Arbeitsschutz

Zusammenfassung

 

Begriff

Der Arbeitsschutz umfasst den sozialen Arbeitsschutz, der den Arbeitnehmer als abhängig Beschäftigten schützt und den technischen Arbeitsschutz, bei dem die Sicherheit am Arbeitsplatz im Vordergrund steht.

 

Gesetze, Vorschriften und Rechtsprechung

Arbeitsrecht: Eine privatrechtliche Pflicht zur Ergreifung von Schutzmaßnahmen zwischen den Vertragsparteien ergibt sich aus § 618 BGB.

Weiter gibt es öffentlich-rechtliche Verpflichtungen des Arbeitgebers, die den technischen und sozialen Arbeitsschutz betreffen.

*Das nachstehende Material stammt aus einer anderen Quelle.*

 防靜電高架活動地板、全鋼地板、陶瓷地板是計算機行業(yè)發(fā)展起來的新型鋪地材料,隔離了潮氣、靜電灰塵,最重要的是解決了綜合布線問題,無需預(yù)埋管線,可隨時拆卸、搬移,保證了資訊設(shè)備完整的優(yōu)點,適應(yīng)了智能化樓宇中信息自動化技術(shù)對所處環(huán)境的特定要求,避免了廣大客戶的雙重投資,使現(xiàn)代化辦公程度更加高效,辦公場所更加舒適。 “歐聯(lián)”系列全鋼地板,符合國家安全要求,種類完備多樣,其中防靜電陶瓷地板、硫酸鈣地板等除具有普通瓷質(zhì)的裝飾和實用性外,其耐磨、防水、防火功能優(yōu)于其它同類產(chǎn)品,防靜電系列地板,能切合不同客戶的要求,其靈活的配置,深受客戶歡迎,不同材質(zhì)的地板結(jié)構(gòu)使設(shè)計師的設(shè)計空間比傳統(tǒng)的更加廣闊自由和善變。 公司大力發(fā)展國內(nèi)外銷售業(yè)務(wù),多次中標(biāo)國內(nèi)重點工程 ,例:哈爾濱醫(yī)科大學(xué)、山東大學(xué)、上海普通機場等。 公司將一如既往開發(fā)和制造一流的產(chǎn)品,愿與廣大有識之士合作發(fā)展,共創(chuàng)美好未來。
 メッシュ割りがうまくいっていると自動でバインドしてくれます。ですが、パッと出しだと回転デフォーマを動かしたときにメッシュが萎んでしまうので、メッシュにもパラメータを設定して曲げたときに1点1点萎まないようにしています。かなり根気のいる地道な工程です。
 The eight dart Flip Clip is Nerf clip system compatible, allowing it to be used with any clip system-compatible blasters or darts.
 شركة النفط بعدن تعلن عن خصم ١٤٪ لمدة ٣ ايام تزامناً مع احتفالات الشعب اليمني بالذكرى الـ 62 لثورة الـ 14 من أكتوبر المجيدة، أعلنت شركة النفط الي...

Der technische Arbeitsschutz ist hauptsächlich im Arbeitsschutzgesetz (ArbSchG) und im Arbeitssicherheitsgesetz (ASiG) normiert. Darüber hinaus gibt es diverse Verordnungen, welche das Arbeitsschutzgesetz konkretisieren, z. B. die Arbeitsstättenverordnung (ArbStättV), die Betriebssicherheitsverordnung (BetrSichV), die Gefahrstoffverordnung (GefStoffV). § 22 SGB VII enthält Vorschriften über die Einsetzung von Sicherheitsbeauftragten. Der medizinische Arbeitsschutz ist Teil des technischen Arbeitsschutzes. Wichtigste Vorschrift ist die Verordnung zur arbeitsmedizinischen Vorsorge (ArbMedVV).

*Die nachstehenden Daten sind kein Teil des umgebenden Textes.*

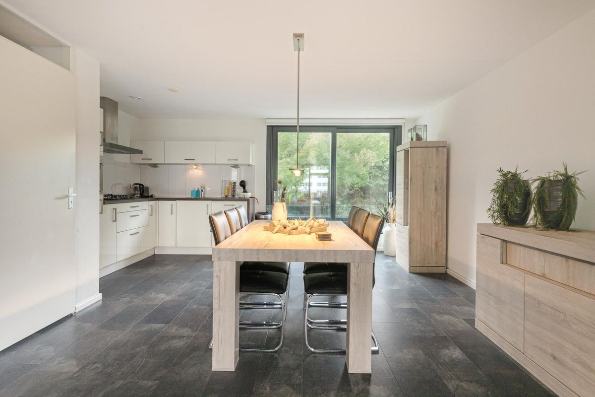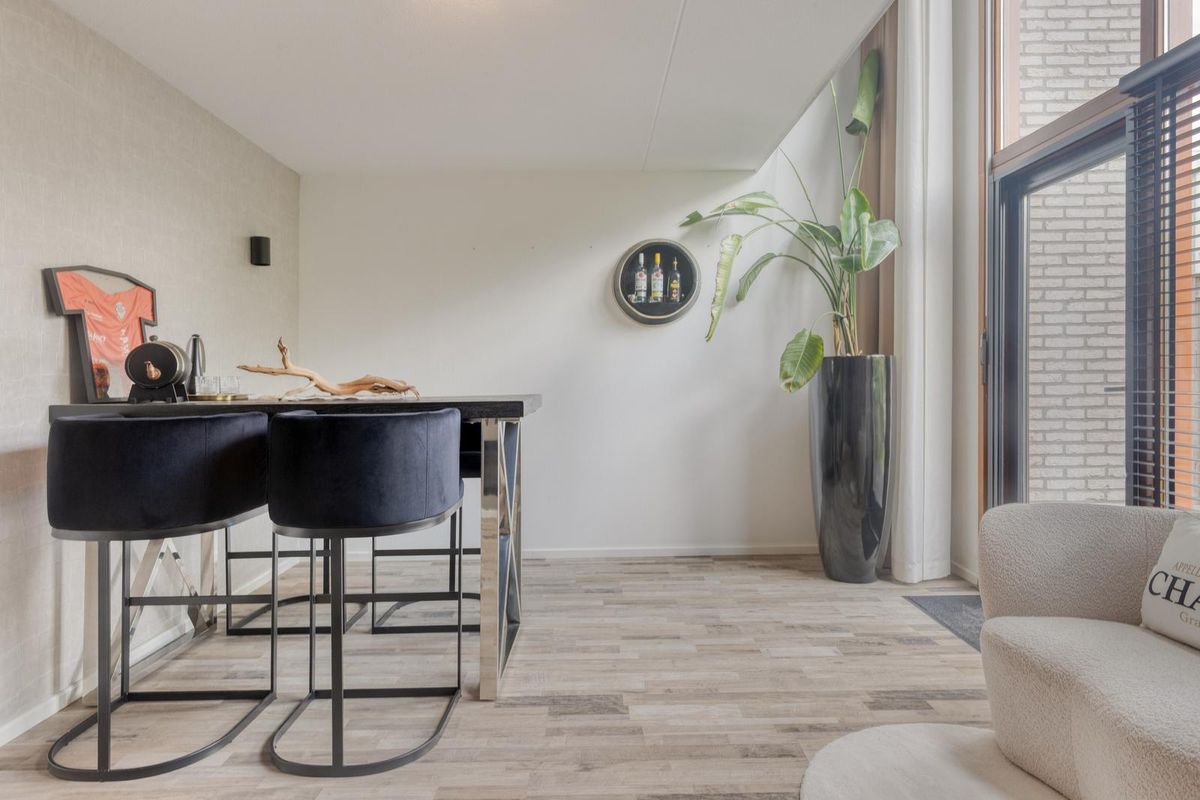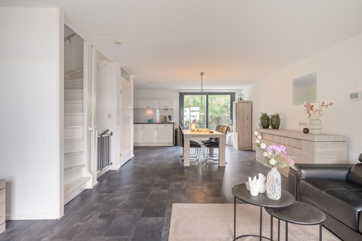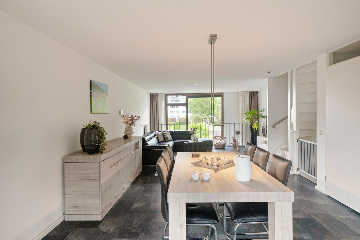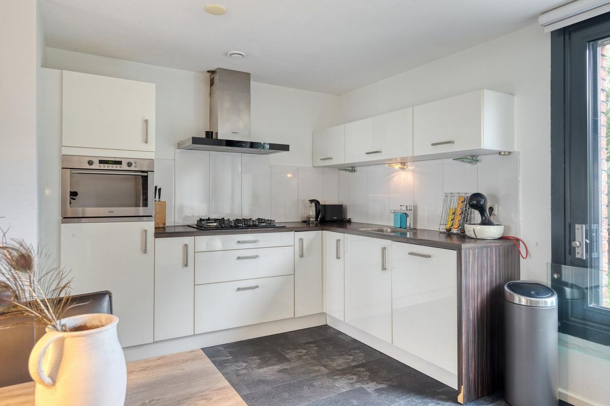 Op de begane grond bevindt zich een knus gedeelte van de woonkamer met uitzicht op de tuin en heerlijk lichtinval door de grote raampartijen. De échte leefruimte vind je echter op de eerste verdieping. Daar bevindt zich de royale woonkamer met plek voor een grote bank én een flinke eettafel. Een bijzonder sfeervol detail is de vide, die zorgt voor een prachtig ruimtelijk effect en een open verbinding met het zitgedeelte op de begane grond. Dankzij deze vide stroomt het daglicht rijkelijk naar binnen en voelt de hele woning heerlijk licht en luchtig aan. Aangrenzend vind je de open keuken, modern wit, strak en functioneel. Met diverse inbouwapparatuur is koken hier een feestje. Doordat de keuken open is, sta je altijd in contact met het gezelschap in de woonkamer.
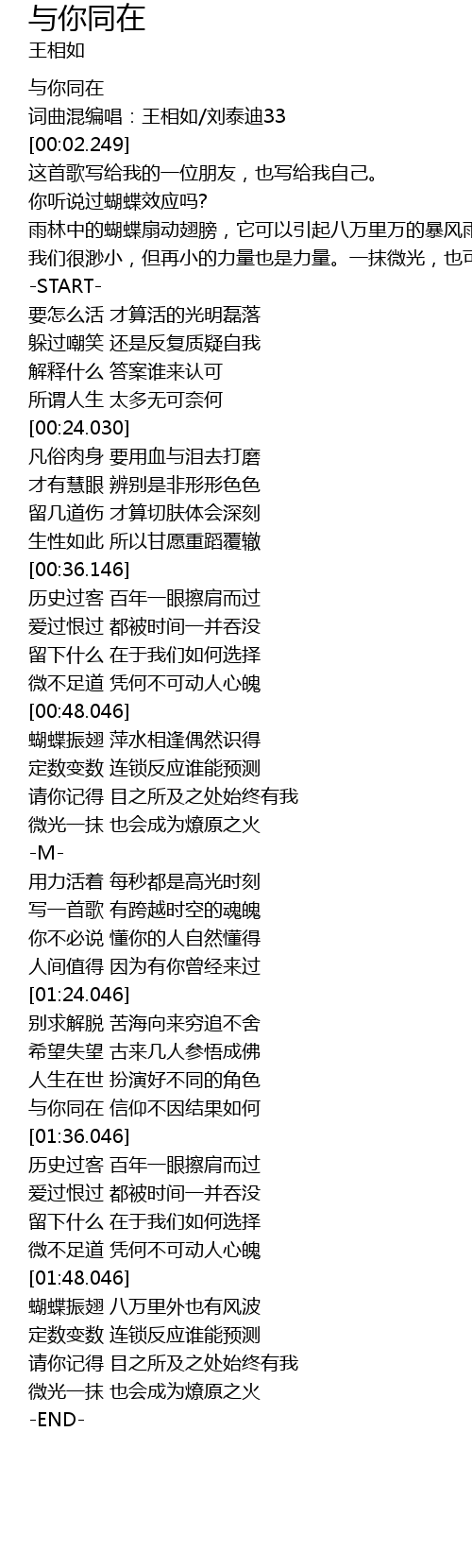 | [01:33.966] | 与你同在 信仰不因结果如何 |
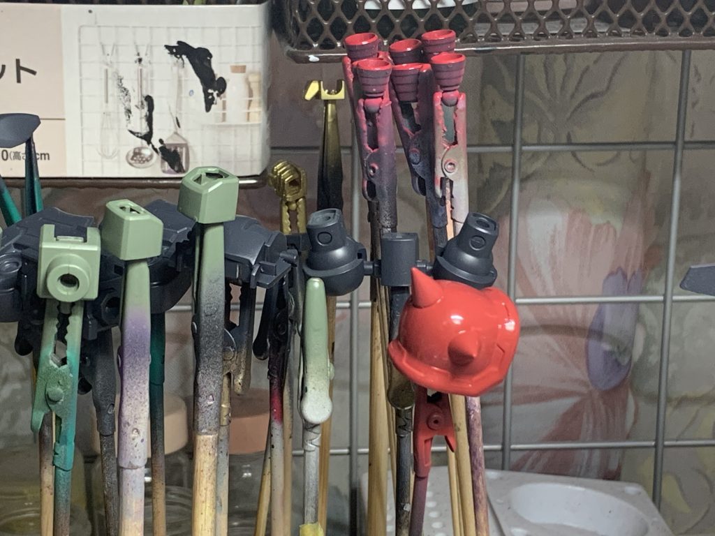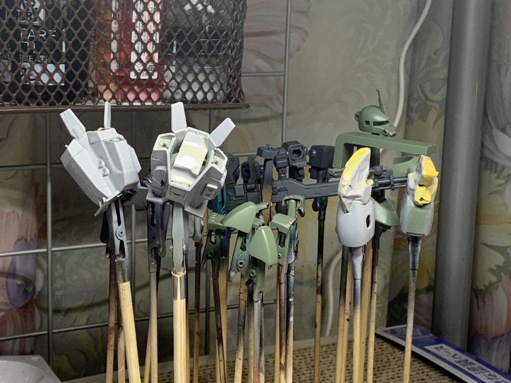 使用した塗料。この辺を調合したので二度と同じ色には出来ません。関節部や武器は毎度おなじみメカサフで塗装。

Der soziale Arbeitsschutz ist beispielsweise im KSchG, MuSchG, SGB IX, JArbSchG und ArbZG geregelt.

Arbeitsrecht

1 Einführung

Regelmäßig überlagern die gesetzlichen öffentlich-rechtlichen Regeln des Arbeitsschutzes die privatrechtliche Verpflichtung des Arbeitgebers zur Ergreifung von Schutzmaßnahmen. § 618 BGB tritt daher in der praktischen Anwendung meist zurück.

Der Schwerpunkt der folgenden Darstellung liegt beim technischen Arbeitsschutz und dort insbesondere beim Arbeitsschutzgesetz (ArbSchG).

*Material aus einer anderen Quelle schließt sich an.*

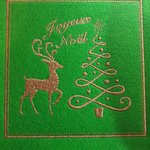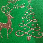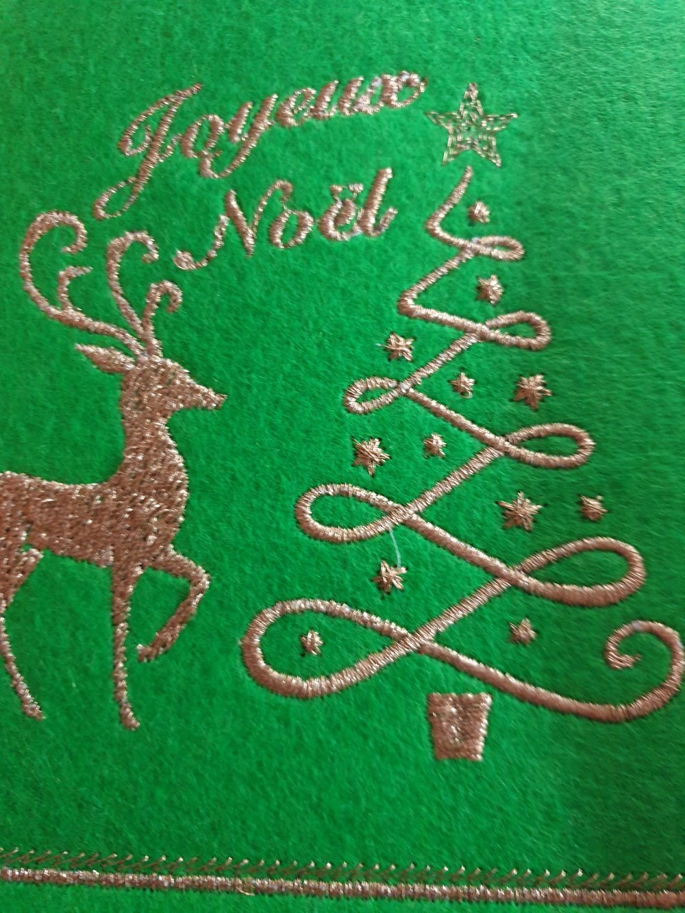 Le motif brodé en fil doré – renne élégant, sapin stylisé et inscription « Joyeux Noël » – apporte une touche festive et raffinée.
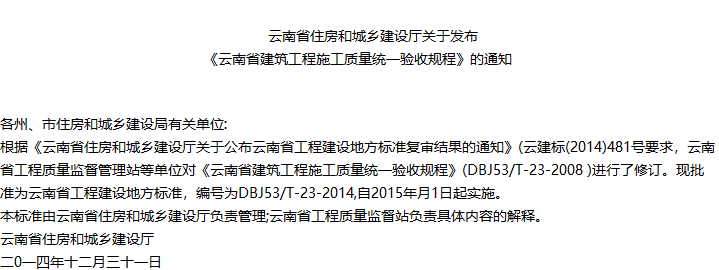 云南省建筑工程施工质量验收统一规程收藏

2 Geltungsbereich des Arbeitsschutzgesetzes

Das ArbSchG dient dazu, Sicherheit und Gesundheitsschutz der Beschäftigten bei der Arbeit durch Maßnahmen des Arbeitsschutzes zu sichern und zu verbessern. Es gilt in allen Tätigkeitsbereichen. Ausgenommen sind Hausangestellte in privaten Haushalten sowie Beschäftigte auf Seeschiffen und in Betrieben, die dem Bundesberggesetz unterliegen. Verantwortlich für die Umsetzung des Arbeitsschutzes ist der Arbeitgeber bzw. ihm insoweit gleichgestellte Personen.

3 Arbeitgeberpflichten

Der Arbeitgeber hat die erforderlichen Maßnahmen des Arbeitsschutzes unter Berücksichtigung der Umstände zu treffen, die Sicherheit und Gesundheit der Beschäftigten bei der Arbeit beeinflussen.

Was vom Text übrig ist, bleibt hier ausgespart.